A stock may look cheap if it was trading less than a year ago. But I want shares that are actually undervalued. And I think these stocks are easier to find in a bear market than a bull market.

This also required me to do some research. Using short-term valuations such as the EV-to-EBITDA ratio or price-to-earnings metrics, and comparing them across peers in the sector, I can develop a pretty good idea of ​​their relative worth.

I can also use the discounted cash flow (DCF) model, but this requires me to make an estimate of future earnings. And that can be difficult. But if done right, I can get a better idea of ​​the value of my investment going forward.

What I chose

Dividend stocks are a core part of my portfolio. So, more often than not, I look for undervalued dividend stocks. Also, when stock prices fall, dividend yields rise – assuming dividend payouts remain constant.

That is why I have bought shares such as Direct Line Group and Lloyds. The former has a dividend yield of 10%, while the latter is 4.5%. Both yields were boosted by stock prices that remained down at previous levels.

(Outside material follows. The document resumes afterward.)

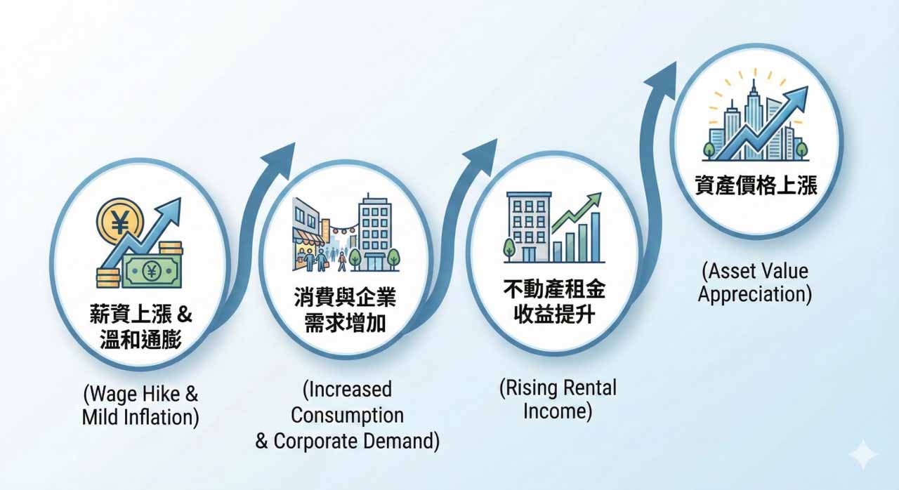 日本正處於「薪資漲 -> 消費增 -> 租金漲 -> 房價漲」的正向循環。

I also chose Direct Line Group because the company appears to be trading at a discount to its peers. The DCF model suggests that the financial services outfit is currently trading 46% below its fair value.

Discounted cash flow calculations also show that Lloyds is trading around 45% below fair value. Bank income is now pushed up by rising interest rates. Despite the macroeconomic environment, the short-term outlook looks positive.

But I don’t ignore growth stocks. I think the macroeconomic environment, characterized by high interest rates and slow growth, is not conducive to the growth of this stock. However, there are some companies that I support to excel.

With the reopening of China, I recently invested NIO and Li Auto. China’s two EV companies suffer from Covid restrictions, but opening up the economy should be a major boost.

Build wealth

I prefer dividend stocks because they allow me to pursue a compound yield strategy. This is the process of reinvesting dividends every year and earning interest for my interest.

For example, if I invested £10,000 in shares at an average of 8%, and reinvested the dividends for 30 years, at the end of the period I would have £81,000. That’s considerable growth, but it doesn’t include the stock price growth. Of course, my options may not grow and I may lose money. But it must be remembered that the FTSE 100 is now four times larger than it was 30 years ago.